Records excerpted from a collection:
------------------------------

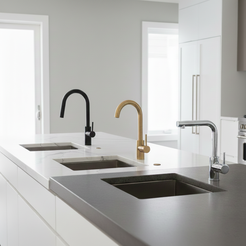 Will a matte black faucet look too bold with my light countertop? Does a sleek pull-down faucet fit my kitchen design, or should I choose a single-handle model? Which faucet finish actually stays clean in a modern kitchen? These are the questions homeowners bring into our showroom as they pair faucets with new stone and […]
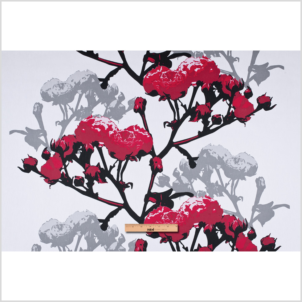 Here's a dynamic, bold print from Sweden. Giant roses in red and gray provide striking contrast against a white background. Cotton. We love this fabric as bold accent pieces in contemporary rooms.
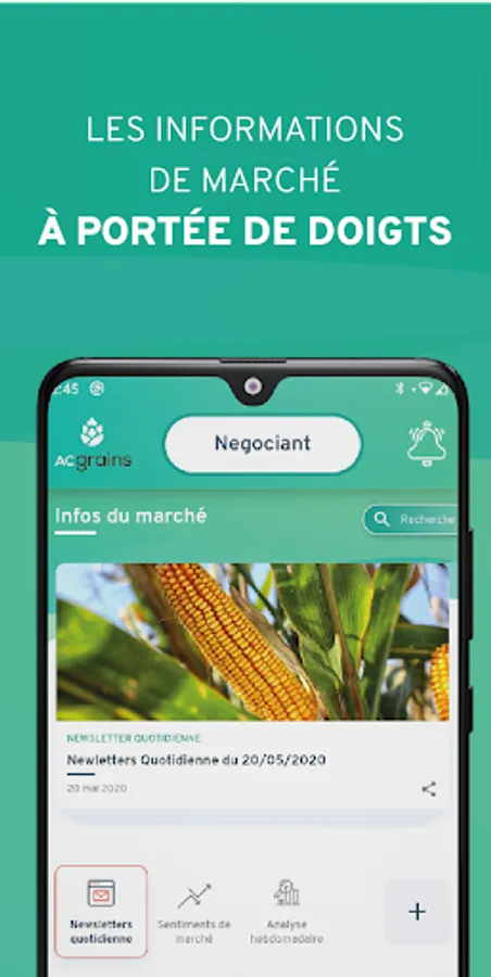 ACGRAINS is the market tool invented and offered by your trader which allows you to take control of the marketing of your grains in a simple and modern way.
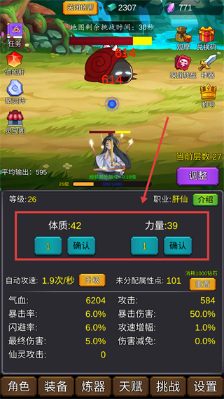 3、分配屬性點時優先提升【體質】和【力量】,點擊確認按鈕強化角色戰斗屬性提高輸出效率。
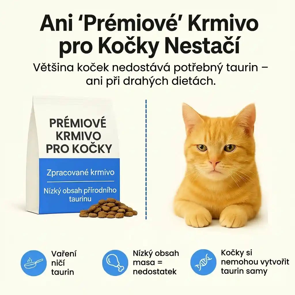 I když je mnoho krmiv označeno jako "kompletní a vyvážené", moderní zpracování (vaření, tepelná úprava, skladování) může zničit až 70% přirozeného taurinu. Navíc některé levnější proteiny (např. rostlinné) neobsahují téměř žádný taurin. Furrient Taurin vyplňuje tuto mezeru a zajišťuje, že vaše kočka dostává dostatek těchto esenciálních živin.
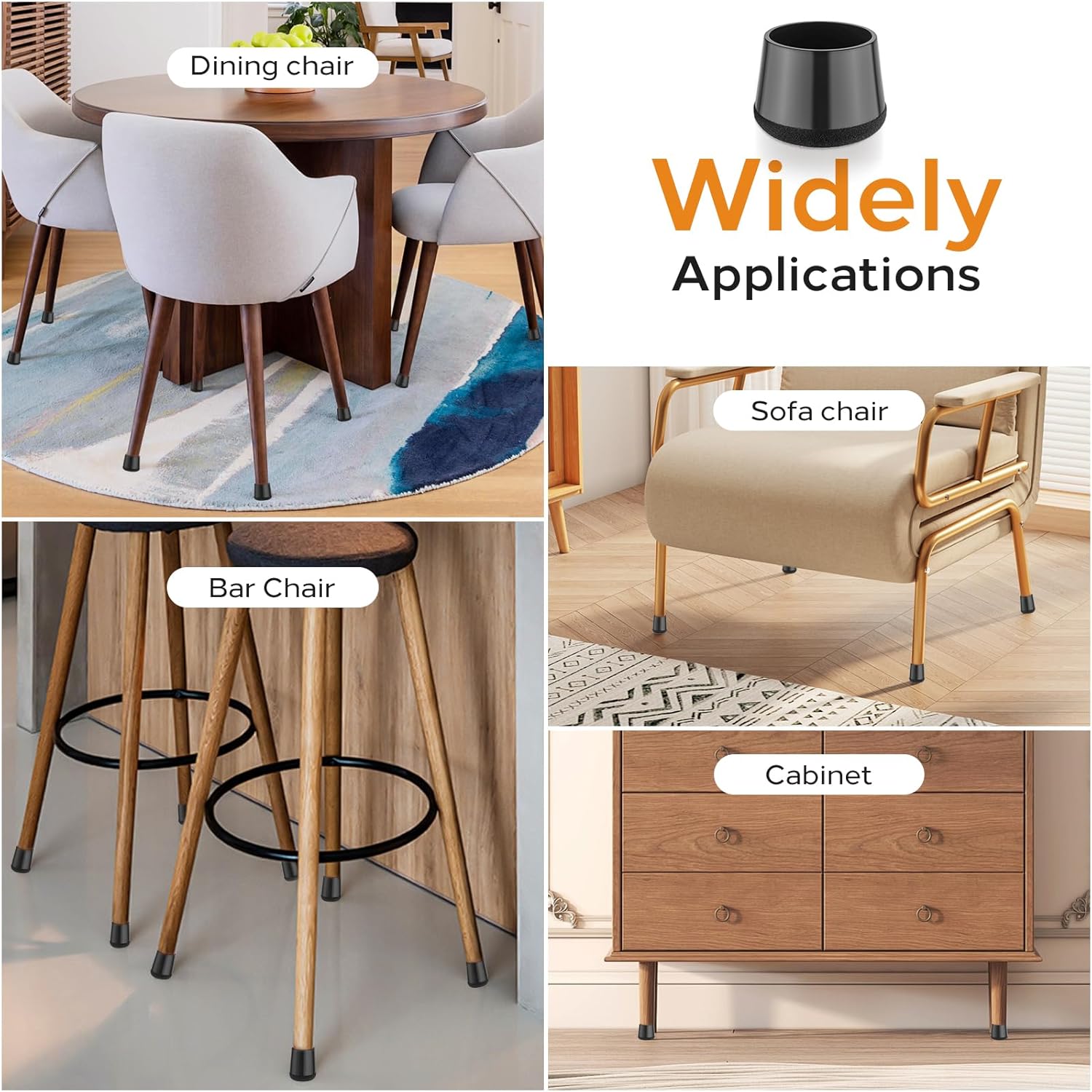 • Enhanced Felt & Wear Resistance- With a 360° fully enveloping felt bottom design and heightened felt thickness, engineered to accommodate various angles of slanted chair legs. Our chair leg floor protectors have a stretch, and elasticity which can maintain longer usage time.
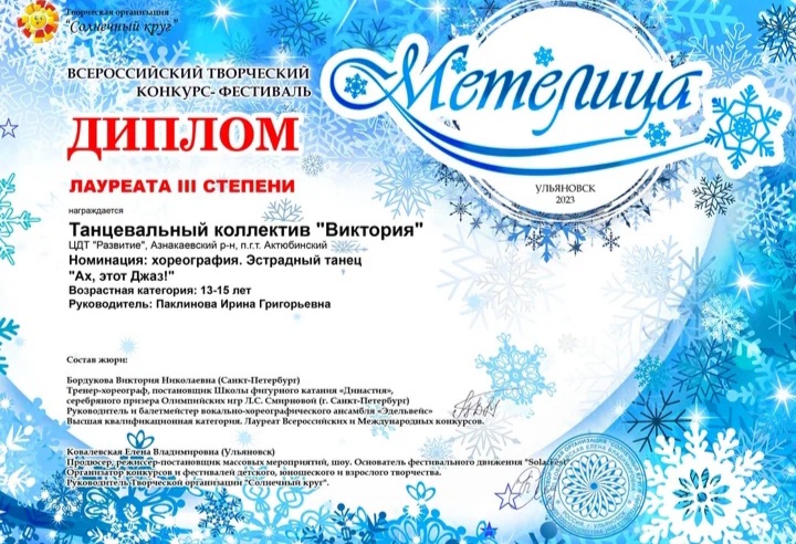 Диплом за 1 место в конкурсе "Зима в окно стучится", участница Жильцова В., педагог Мамбетова С.И.
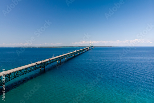 Aerial view of Mackinac Bridge in northern Michigan in summer
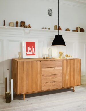 Kummutil on neli sahtlit, mis liiguvad kvaliteetsetel metallsiinidel ja mille põhjad on tammevineerist.
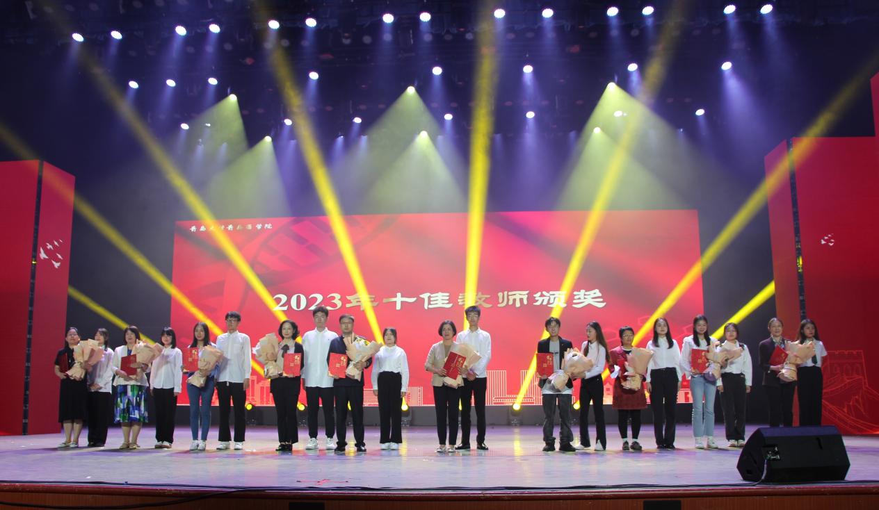 晚會(huì)前期,為感謝各位教師的辛勤付出,經(jīng)過精心設(shè)計(jì)、廣泛征集,評(píng)選出沈若武、張皓、閆志勇、李琦、董靜、璩竹玲、薛雁、項(xiàng)鋒鋼、滕雷、陳蕾十位最受學(xué)生喜愛的“十佳教師”。晚會(huì)上,十位教師上臺(tái)領(lǐng)獎(jiǎng),并為同學(xué)們送上了最真摯的祝福。
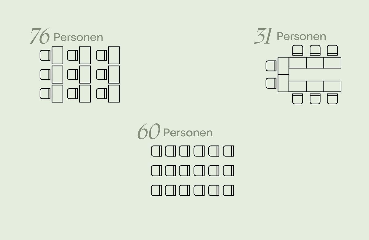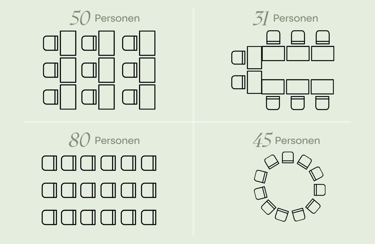 - Unser geräumiger Tagungsraum lässt sich für verschiedene Gruppengrößen aufteilen. Möglich sind Raumgrößen für Gruppen bis 10, 25, 80 oder 100 Personen. Kombinationen untereinander sind möglich, beeinflussen allerdings die maximale Kapazität des Tagungsraums.
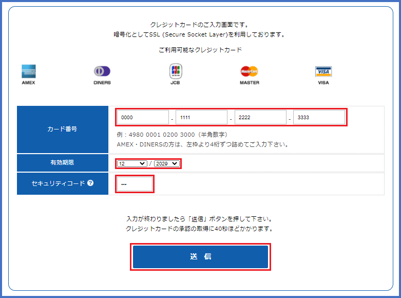 4:「カード番号」「有効期限」「セキュリティ番号」をそれぞれ入力し【送信】をクリックします。
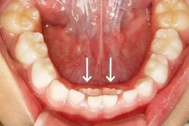 图 继承恒牙已萌出,乳牙未脱落(箭头指示继承恒牙)
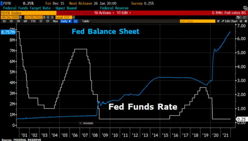 Entre marzo de 2020 y la actualidad, la Fed compró bonos del Tesoro americano y activos respaldados por hipotecas a un ritmo récord, pasando de u$s 3,9 billones a los u$s 8,7 billones actuales.

------------------------------

__Exercise__: Print, exactly, each line above from the one with "I když je mnoho" to the one with "longer usage time.", end lines included. Leave pictures out of it.

__Result of this task__:
 I když je mnoho krmiv označeno jako "kompletní a vyvážené", moderní zpracování (vaření, tepelná úprava, skladování) může zničit až 70% přirozeného taurinu. Navíc některé levnější proteiny (např. rostlinné) neobsahují téměř žádný taurin. Furrient Taurin vyplňuje tuto mezeru a zajišťuje, že vaše kočka dostává dostatek těchto esenciálních živin.
 • Enhanced Felt & Wear Resistance- With a 360° fully enveloping felt bottom design and heightened felt thickness, engineered to accommodate various angles of slanted chair legs. Our chair leg floor protectors have a stretch, and elasticity which can maintain longer usage time.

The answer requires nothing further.